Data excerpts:
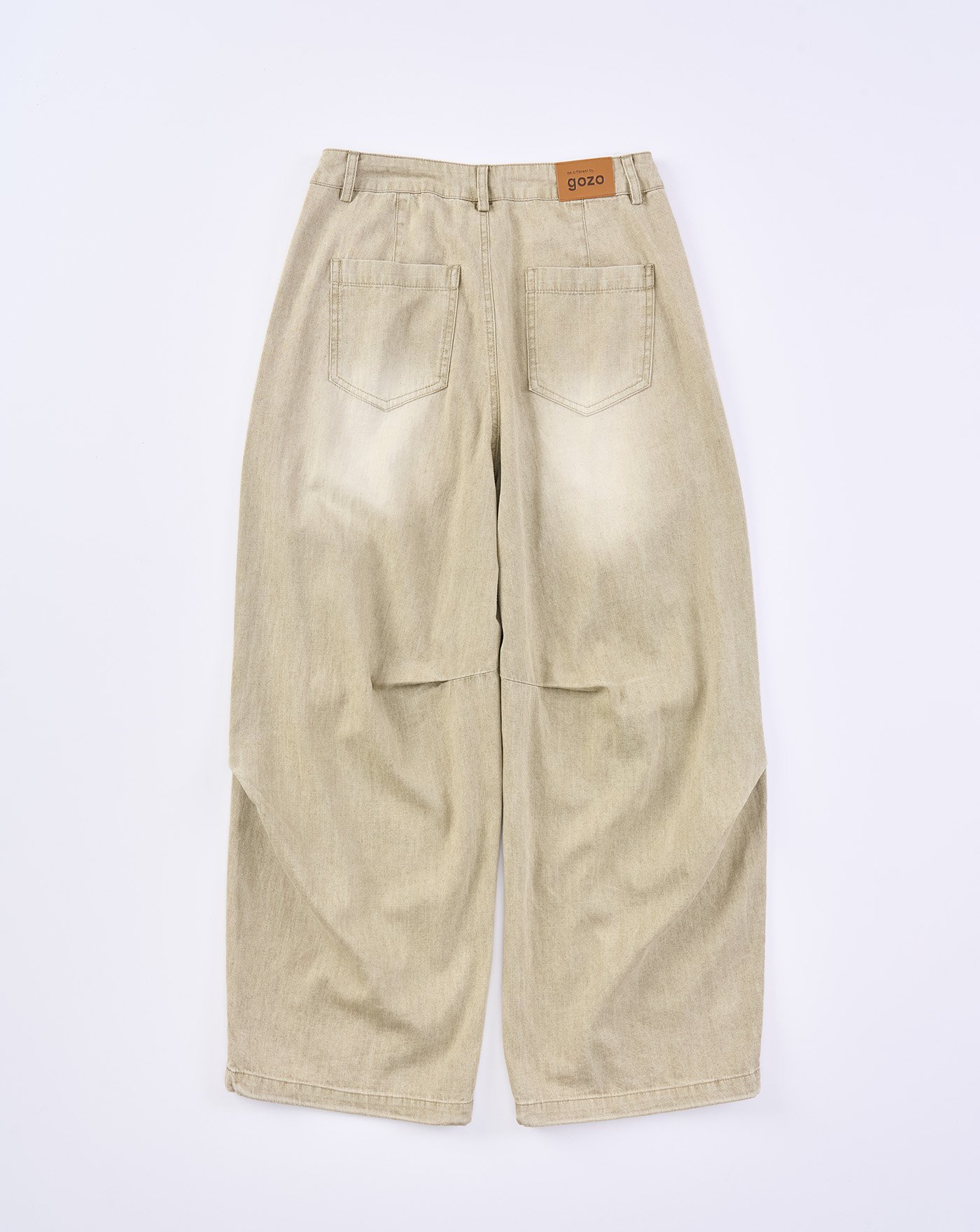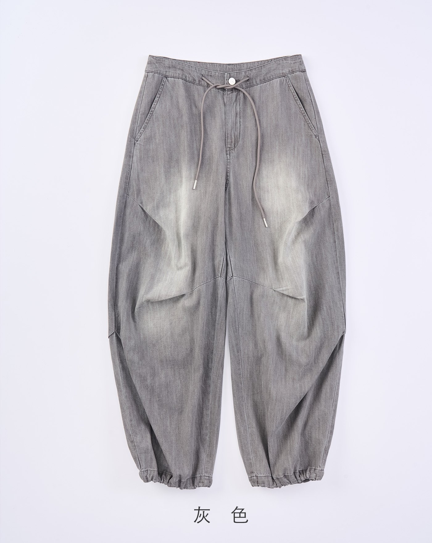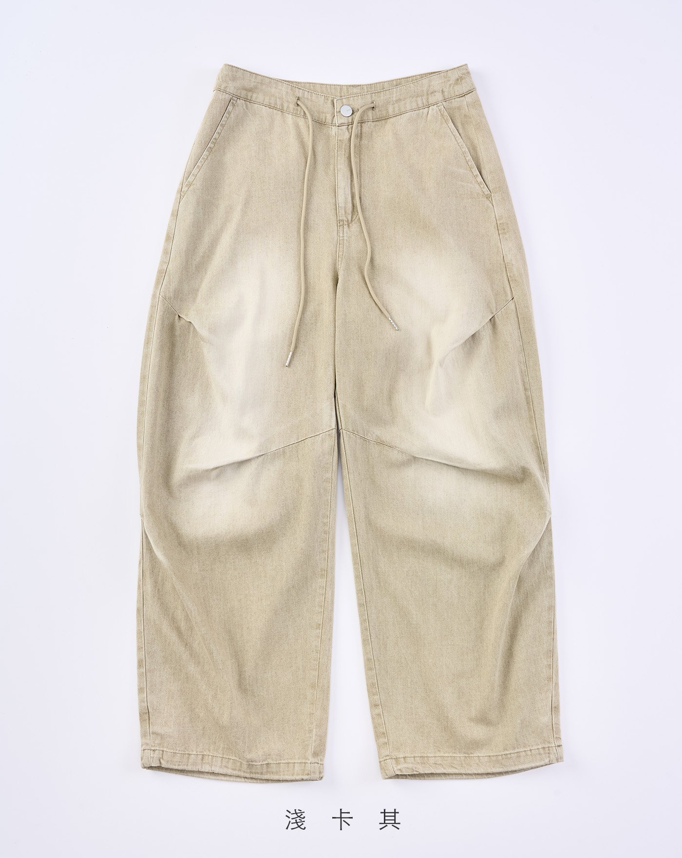A|復古風線條刷色水洗牛仔寬褲(兩色)
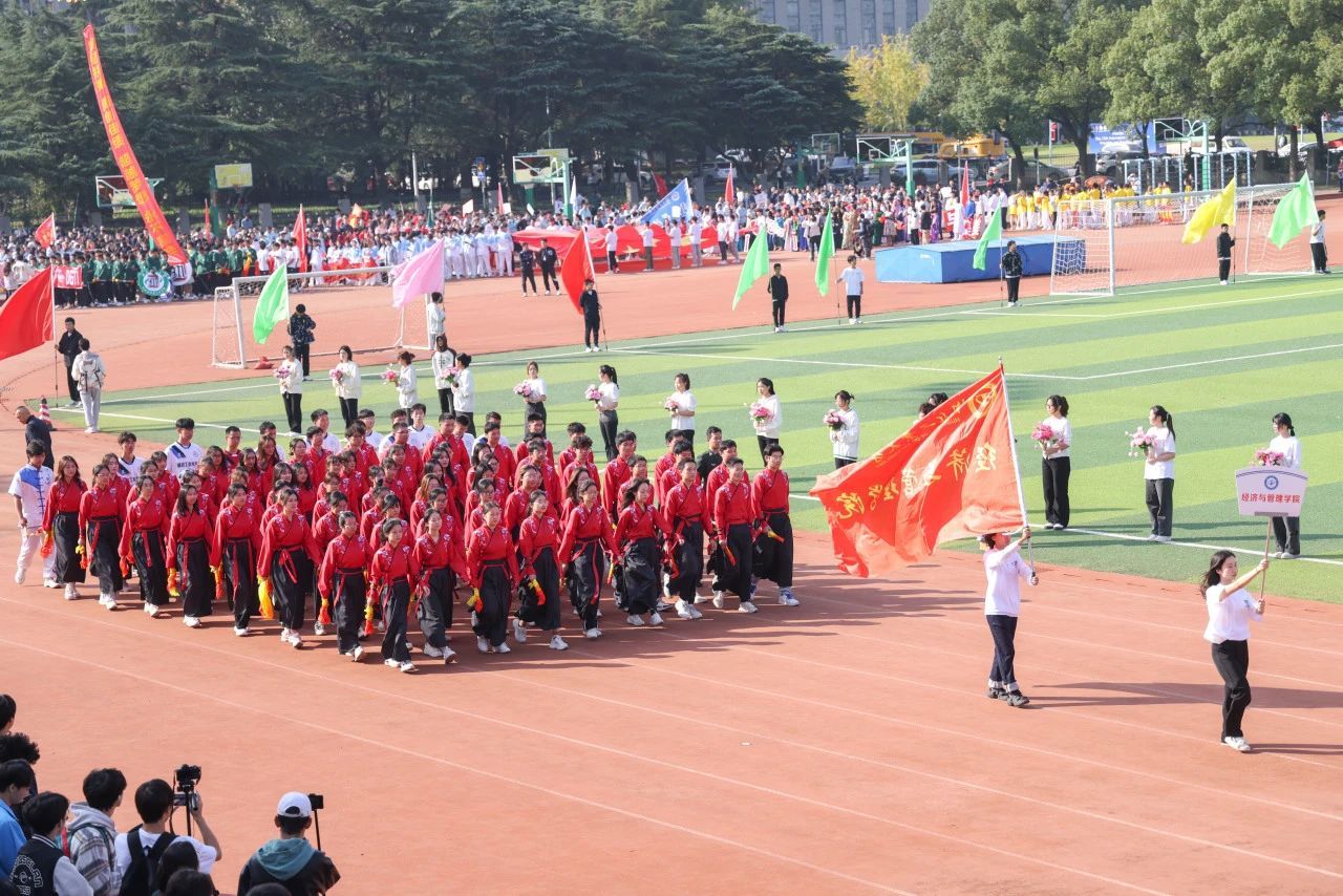 伴随着雄壮激昂的《运动员进行曲》,包括国旗护卫队、彩旗鲜花队、各学院学生代表队、教工代表在内的40个检阅队伍依次走过主席台,接受大会检阅。检阅人员服装整齐,精神饱满,口号响亮,步伐矫健,文创表演、各显风骚,展现了我校师生良好的精神风貌。
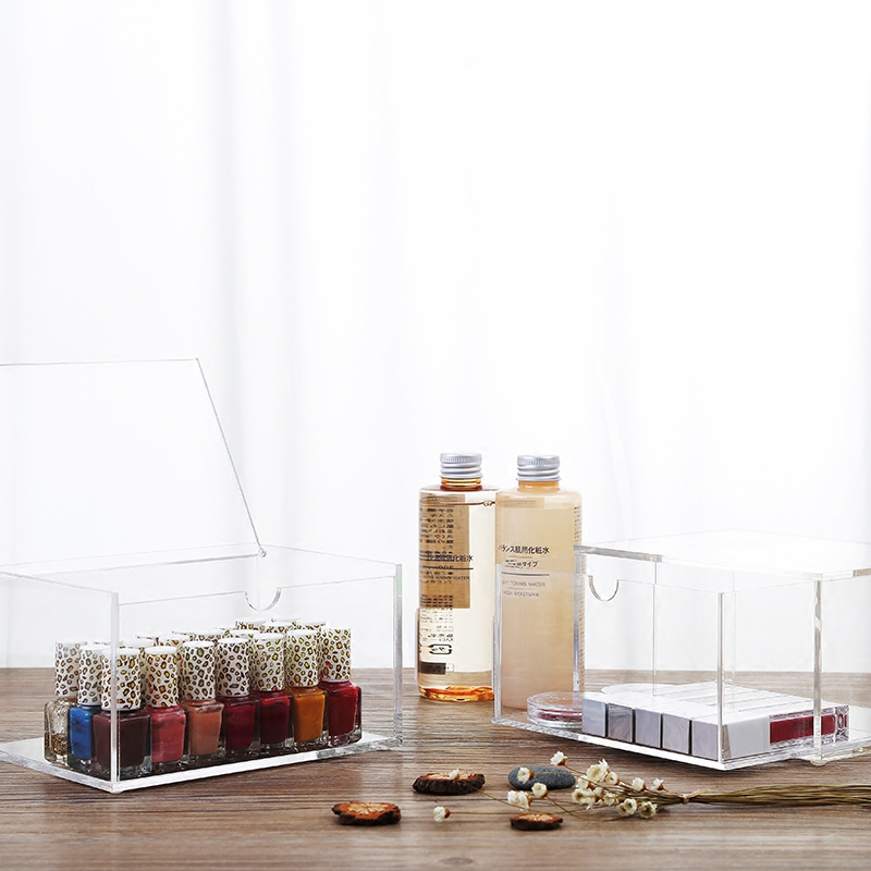 Acrylic transparent clamshell desktop cosmetics storage box Jewelry makeup dust nail oil finishing box can be superimposed
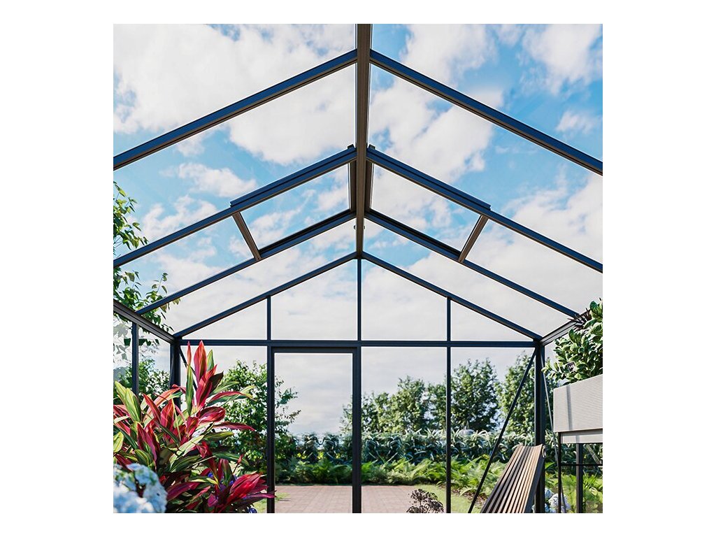 Alap üvegház tvoří lehká, de szilárd és propracovaná szerkezet z hliníkových profilok, amely vannak přirozeně ellenálló vůči korozi, dlouhodobě nenáročné na údržbu és dobře snášejí běžné venkovní podmínky. Alumínium zároveň umožňuje přesné lícování dílů, volbu různých typů zasklení és přizpůsobení szerkezet is vzhledu podle individuálních potřeb. Výsledkem van stabil és prvotřídní provedení, doložené 12letou zárukou na alumínium keret, použitím systémových extrudovaných profilok és integrovaným okapovým systémem, amely zvyšuje tuhost celé szerkezet.
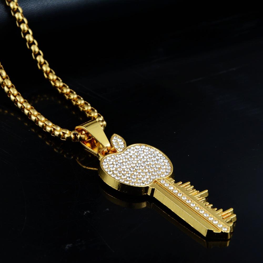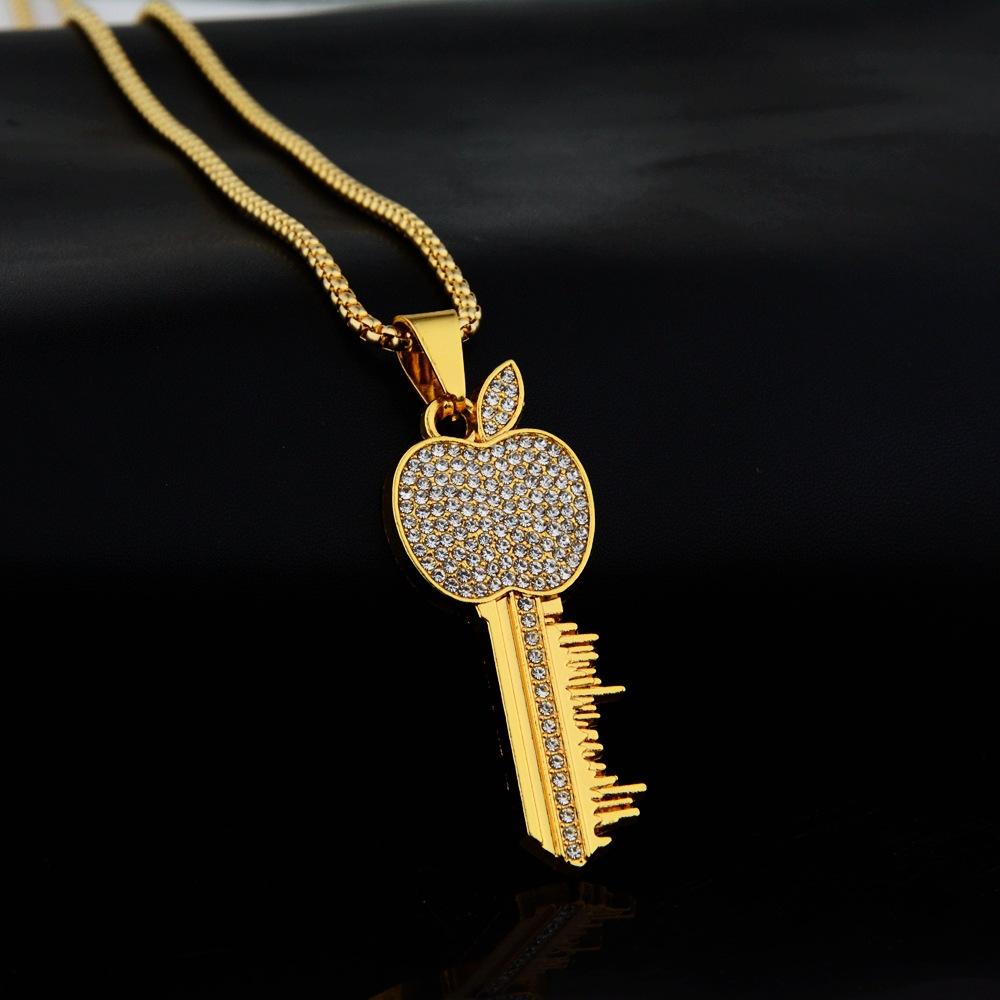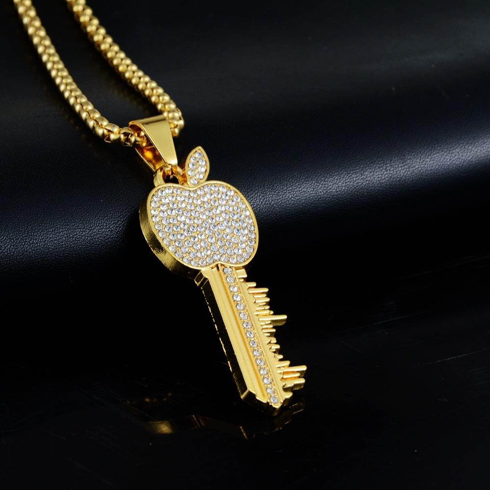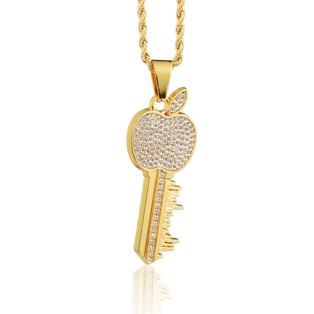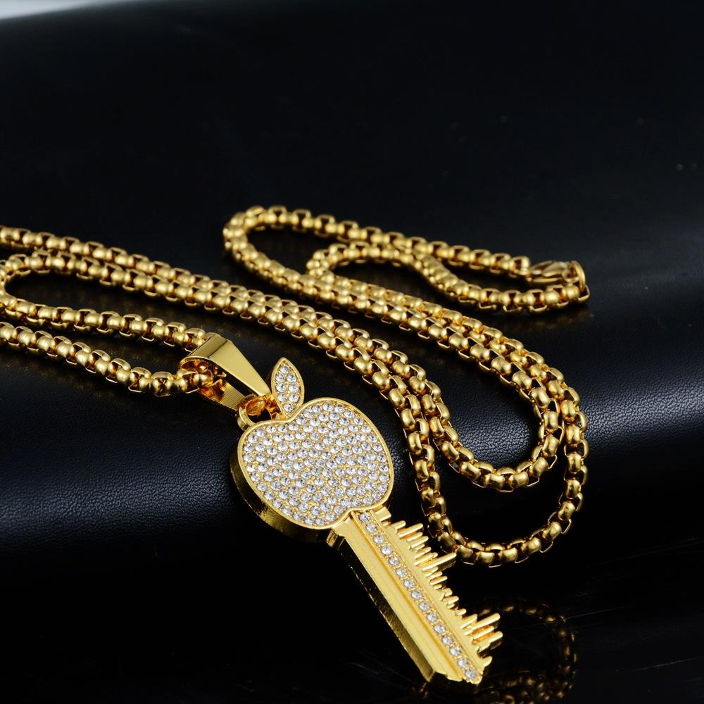 Collar de ocio personalizado para hombres y mujeres con colgante de llave de Apple con incrustaciones de diamantes de aleación de hip-hop de fuente de comercio exterior europea y americana
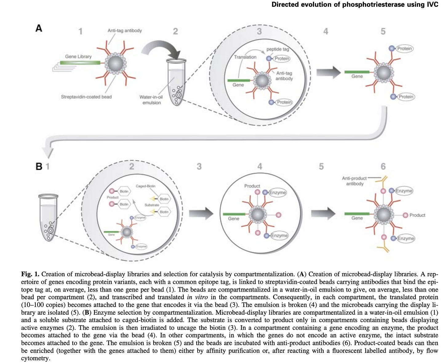For this, you need to understand some seminal work in the directed evolution field from Tawfik and Griffiths. These chaps brilliantly leveraged emulsion PCR to become an emulsion Transcription and Translation workhorse. We call this TnT or in vitro Transcription and Translation. This is akin to making synthetic cells (massively parallel compartmentalization) that have Darwin inside. All of the ingredients to copy DNA with a little mutagensis, turn it into proteins, and create feedback loops where the protein products alter the DNA in a desired direction which maximizes protein performance. The most replicated bubbles are your most evolved DNA sequences for the given selection you designed.
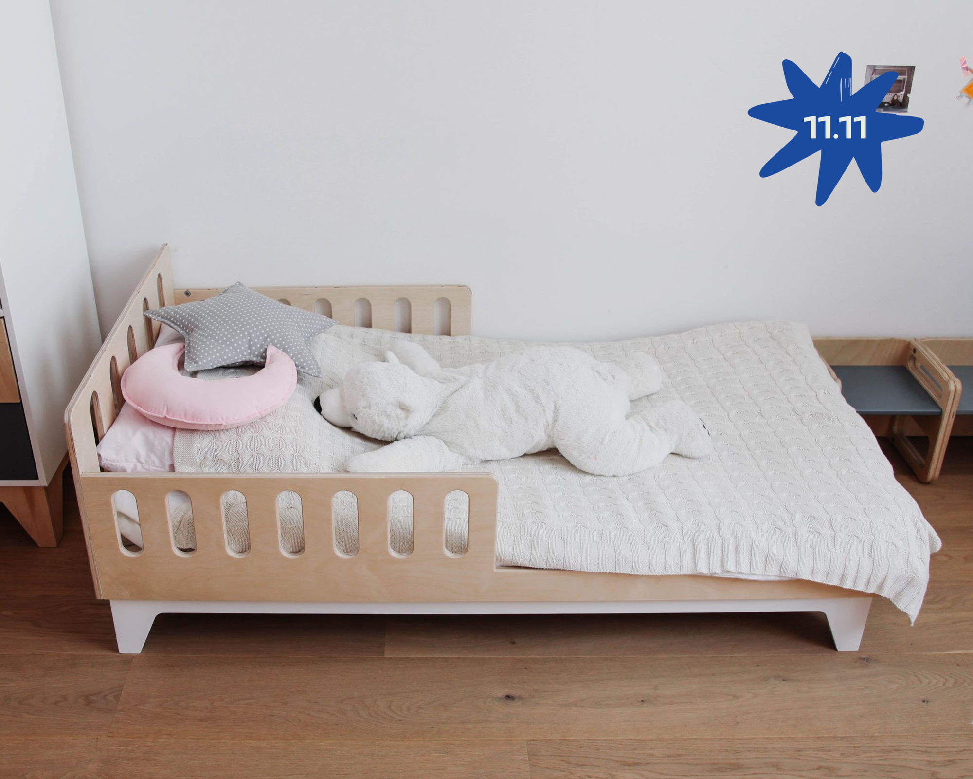 Удобная кровать с бортиками подходит для подросших малышей от двух лет.

• Work item: Exactly reproduce each record, leaving out any pictures.

• Output of the exercise:
A|復古風線條刷色水洗牛仔寬褲(兩色)
 伴随着雄壮激昂的《运动员进行曲》,包括国旗护卫队、彩旗鲜花队、各学院学生代表队、教工代表在内的40个检阅队伍依次走过主席台,接受大会检阅。检阅人员服装整齐,精神饱满,口号响亮,步伐矫健,文创表演、各显风骚,展现了我校师生良好的精神风貌。
 Acrylic transparent clamshell desktop cosmetics storage box Jewelry makeup dust nail oil finishing box can be superimposed
 Alap üvegház tvoří lehká, de szilárd és propracovaná szerkezet z hliníkových profilok, amely vannak přirozeně ellenálló vůči korozi, dlouhodobě nenáročné na údržbu és dobře snášejí běžné venkovní podmínky. Alumínium zároveň umožňuje přesné lícování dílů, volbu různých typů zasklení és přizpůsobení szerkezet is vzhledu podle individuálních potřeb. Výsledkem van stabil és prvotřídní provedení, doložené 12letou zárukou na alumínium keret, použitím systémových extrudovaných profilok és integrovaným okapovým systémem, amely zvyšuje tuhost celé szerkezet.
 Collar de ocio personalizado para hombres y mujeres con colgante de llave de Apple con incrustaciones de diamantes de aleación de hip-hop de fuente de comercio exterior europea y americana
For this, you need to understand some seminal work in the directed evolution field from Tawfik and Griffiths. These chaps brilliantly leveraged emulsion PCR to become an emulsion Transcription and Translation workhorse. We call this TnT or in vitro Transcription and Translation. This is akin to making synthetic cells (massively parallel compartmentalization) that have Darwin inside. All of the ingredients to copy DNA with a little mutagensis, turn it into proteins, and create feedback loops where the protein products alter the DNA in a desired direction which maximizes protein performance. The most replicated bubbles are your most evolved DNA sequences for the given selection you designed.
 Удобная кровать с бортиками подходит для подросших малышей от двух лет.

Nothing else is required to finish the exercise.